Task instructions:
Copy the lines below exactly, starting at the one with "Letos, po prekinitvi" and ending at the one with "Oprava cesty a", and leave out any picture.

Data for processing:
================
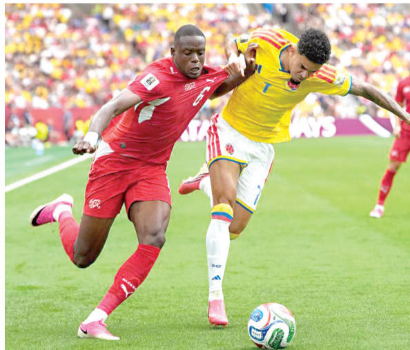
La selección suiza mostró solidez defensiva y sangre fría en los penales para asegurar su boleto a los cuartos de final, en los que enfrentará a Argentina.
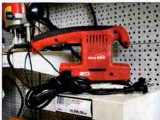
Hidria Perles je uspela z zaščito svojega električnega profesionalnega orodja pod znamko Iskra ERO.

Letos, po prekinitvi pogodbe med Hidrio Perles in Iskro Prins, ki je do tedaj skrbel za distribucijo elektro orodij Iskre ERO po Sloveniji in na območju nekdanje Jugoslavije, se je na teh trgih pod blagovno znamko Iskra pojavilo ročno orodje dvomljive kakovosti. Uvoženo orodje, ki ga je začela tržiti Iskra Prins, je bilo po barvi, velikosti in prodajni embala-
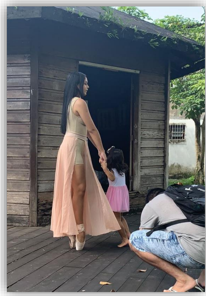
Figura 16 - Corpo/ Leve (Figurino 02).
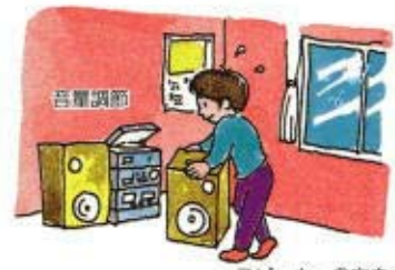
スピーカーの向き

エアコン、ボイラーなどは音の小さい機種を選ぶとともに、取付の位置や方向に気をつけましょう。
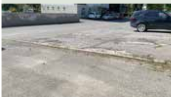
Oprava cesty a chodníka na Kalinčiakovej ulici
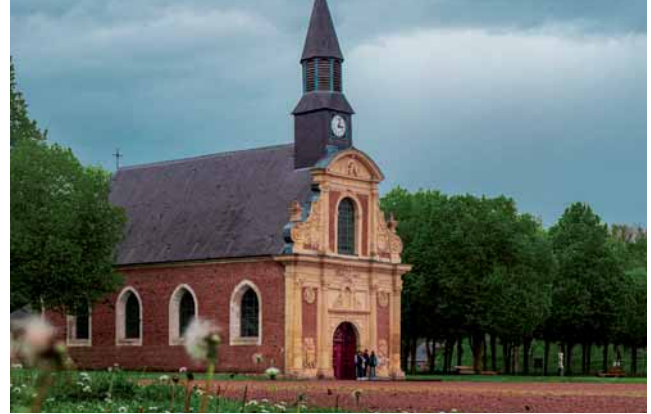
La Chapelle de la Citadelle

* Sous réserve de disponibilité des salles
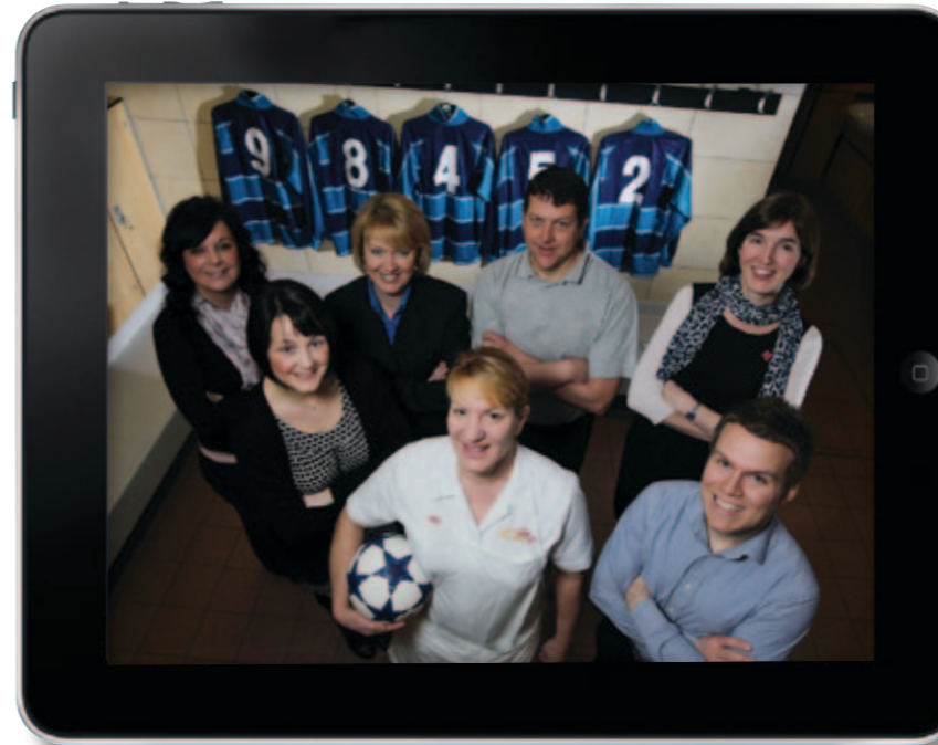
Ni yw'r unig sefydliad sector cyhoeddus cenedlaethol yng Nghymru i gyrraedd 100 Uchaf y Lleoedd Gorau i Weithio ynddynt yn y Sector Cyhoeddus a'r Trydydd Sector yn y Sunday Times ar gyfer 2011
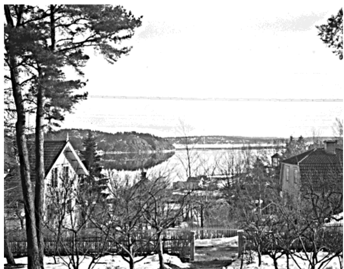
60: Utsikt från Baldersvägen 45. Lyngsåsas Ekotempel syns vid vattnet. Årtal ca 1925 innan Lyngsåsa byggdes.
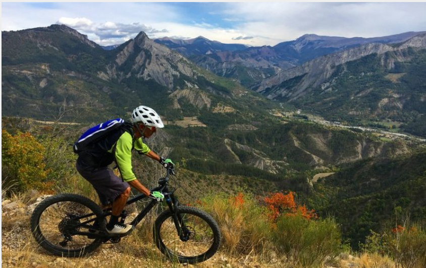
Chemin en balcon
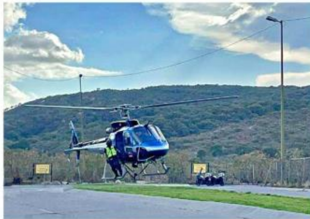
■ Autoridades extrajeron en helicóptero un cadáver del Bosque La Primavera.

Eran aproximadamente las 14:00 horas cuando la víctima, de 32 años, conducía un automóvil Ford Fusion y dos sujetos le dispararon en la Calle Ramón Corona, entre
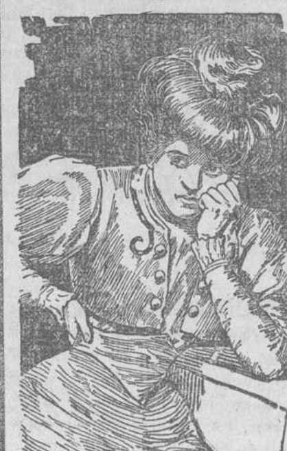
"Cada Cuadro Habla por Si."

Millares de mujeres de todas edades y condiciones sucumben y son víctimas de un penoso estado de postración debido á que tienen afectados los riñones y no lo saben. Se consume la vitalidad, se destruyen los nervios y se hacen imposibles el descanso, sueño y desempeño de los quehaceres domésticos.
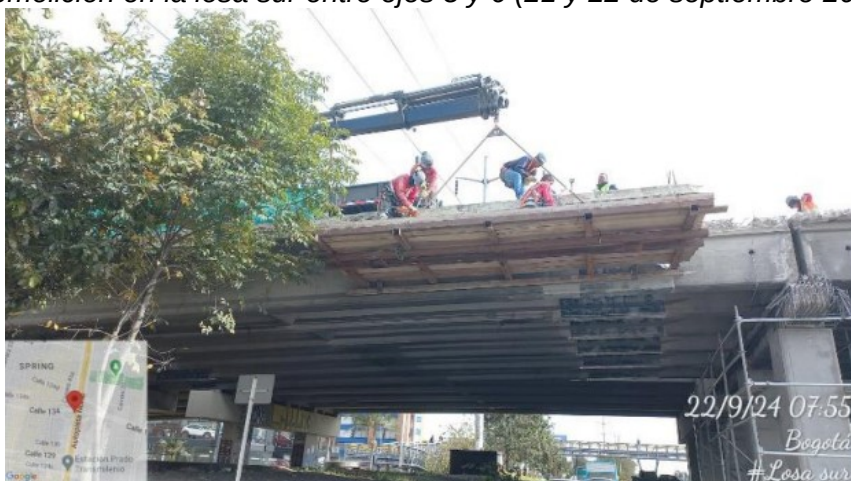
Demolición de losa en el voladizo sur entre ejes 5 y 6.

Te invitamos a hacer uso del formulario de Radicación Web
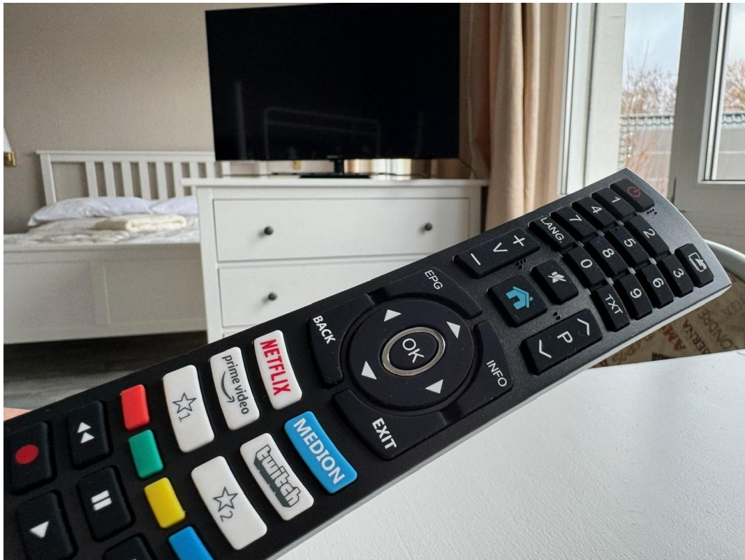
Smart-TV in jedem Zimmer
================
Answer for this exercise:
Letos, po prekinitvi pogodbe med Hidrio Perles in Iskro Prins, ki je do tedaj skrbel za distribucijo elektro orodij Iskre ERO po Sloveniji in na območju nekdanje Jugoslavije, se je na teh trgih pod blagovno znamko Iskra pojavilo ročno orodje dvomljive kakovosti. Uvoženo orodje, ki ga je začela tržiti Iskra Prins, je bilo po barvi, velikosti in prodajni embala-
Figura 16 - Corpo/ Leve (Figurino 02).
スピーカーの向き

エアコン、ボイラーなどは音の小さい機種を選ぶとともに、取付の位置や方向に気をつけましょう。
Oprava cesty a chodníka na Kalinčiakovej ulici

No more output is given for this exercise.